OUE REIT (OUEREIT SP): Falling Funding Costs + Resilient Singapore Office; Hospitality Steady On Higher RevPAR
- RE-ITERATE BUY Entry – 0.32 Target – 0.39 Stop Loss – 0.29
- OUE Real Estate Investment Trust (OUE REIT) provides real estate investment services. The Company invests in income-producing real estate used primarily for retail, hospitality, and office purposes in financial and business hubs, as well as real estate-related assets. OUE REIT serves customers in Singapore and China.
- Office remains the anchor with high occupancy and positive reversions. Singapore office committed occupancy stood at 97.4% in 3Q25 with +5.6% rental reversion. Average passing rent is S$10.91 psf pm, and Grade A CBD benchmark is S$12.20 psf pm, leaving headroom on renewals. Like-for-like commercial revenue grew +4.2% and NPI +3.8% in 3Q25 on earlier leasing done at higher rents.
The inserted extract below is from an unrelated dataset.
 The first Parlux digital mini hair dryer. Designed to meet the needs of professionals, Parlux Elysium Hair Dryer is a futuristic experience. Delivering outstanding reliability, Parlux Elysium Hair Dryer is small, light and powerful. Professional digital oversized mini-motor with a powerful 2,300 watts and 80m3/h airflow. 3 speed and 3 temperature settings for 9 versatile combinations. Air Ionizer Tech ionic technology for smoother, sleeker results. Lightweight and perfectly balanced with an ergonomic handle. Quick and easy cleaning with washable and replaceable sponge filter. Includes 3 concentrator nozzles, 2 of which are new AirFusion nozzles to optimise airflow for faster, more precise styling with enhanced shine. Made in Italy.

- Rates tailwind is visible in the P&L and the balance sheet work. Finance costs fell 19.7% YoY to S$21.6m in 3Q25 as the weighted average cost of debt eased to 4.1%. The REIT refinanced OUE Bayfront with S$830m facilities, including a S$600m Green Loan, issued S$150m 7-year Green Notes at 2.75% due 2032, and lifted green financing to 85.1% of total debt. Pro forma leverage could reduce to 37.7% with full deployment of Lippo Plaza proceeds, and only 16% of debt now matures in 2026.
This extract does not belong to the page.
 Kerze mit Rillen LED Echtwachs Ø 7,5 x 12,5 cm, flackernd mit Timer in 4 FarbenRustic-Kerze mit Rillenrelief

- Hospitality and Orchard retail add cyclicals without destabilising cash flows. 3Q25 hospitality RevPAR was S$279 (Hilton Singapore Orchard S$293, Crowne Plaza Changi S$251) despite F1 shifting to October. Mandarin Gallery delivered +9.3% rental reversion with 97.4% committed occupancy. Together, these segments diversify income while the office backbone keeps cash generation predictable.
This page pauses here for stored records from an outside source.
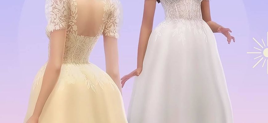 Нежное и воздушное свадебное платье с короткими объемными рукавами и полупрозрачной цветочной вышивкой в 2 версиях (длинное и короткое) и в 15 цветовых вариантах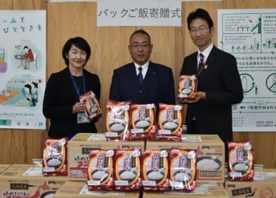 2023/12/20県内一般ニュース物価高騰に苦しむ人たちを支援しようと、日本たばこ産業(JT)宮崎支社(早矢仕(はやし)正和支社長)は19日、県と宮崎市にレンジで温めて食べる「パックご飯」計3200食を寄贈した。 パックご飯はJTグループ会社の製造品で、同支社が寄...
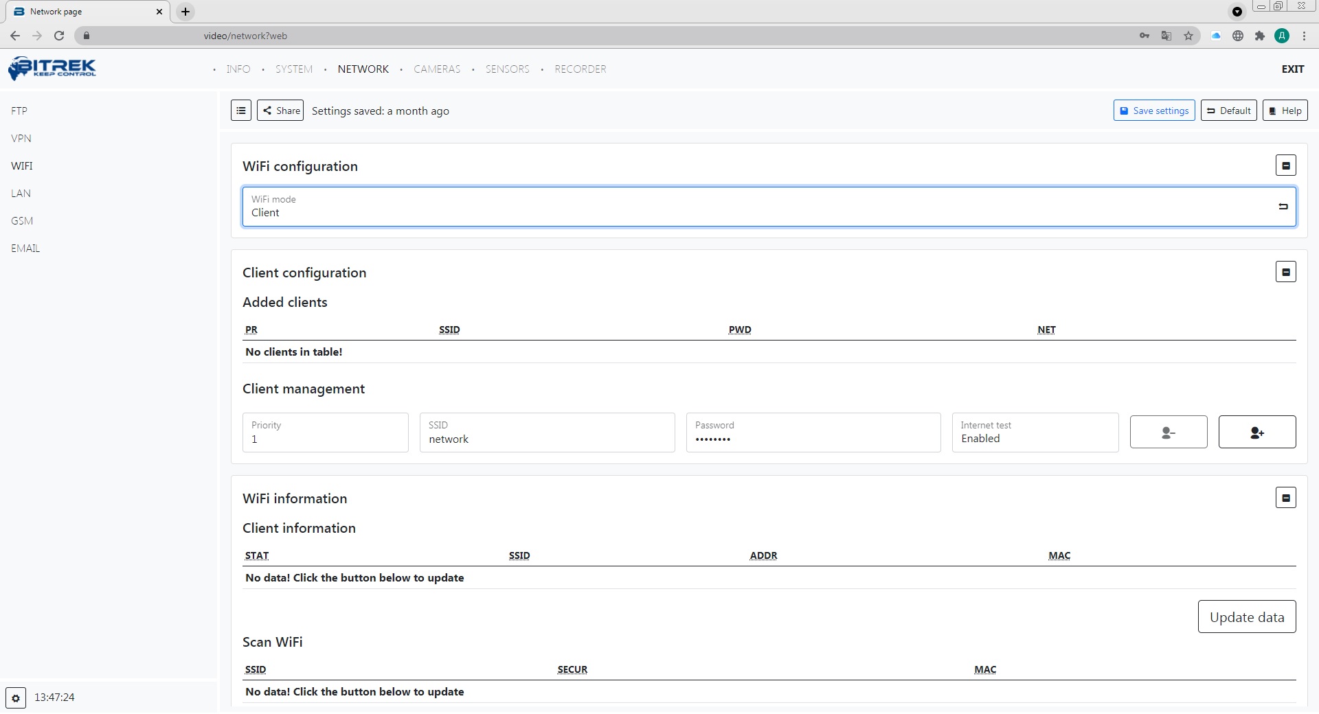 Після цього вам потрібно натиснути кнопку Scan WiFi для перегляду наявних WiFi мереж. Переглянувши SSID, тип безпеки точки доступу та її MAС-адресу, в меню керування клієнтами ви можете налаштувати приоритет підключення до точок доступу, та ввести їхній SSID та пароль, також при бажанні ви можете провести тест з'єднання для визначення якості сигналу

- 3Q25 results review. Revenue and NPI. Revenue S$70.5m (−5.8% YoY; LfL +1.2%). NPI S$57.0m (−5.6% YoY; LfL +2.0%). The YoY headline decline reflects the 2024 Shanghai divestment; Singapore assets grew on a like-for-like basis. Finance costs S$21.6m (−19.7% YoY). NAV per unit S$0.57.
- Market consensus

(Source: Bloomberg)


Alibaba Group Holding Ltd. (9988 HK): Qwen Consumer Launch Drives AI Flywheel, Cloud Growth Accelerating, China Commerce Steady
- RE-ITERATE BUY Entry – 160 Target – 200 Stop Loss – 140
- Alibaba Group Holding Ltd operates as a holding company. The Company, through its subsidiaries, provides internet infrastructure, electronic commerce, online financial, e-commerce, retail, and internet content services via global marketplaces, as well as offers digital media, entertainment, logistics, and cloud computing solutions.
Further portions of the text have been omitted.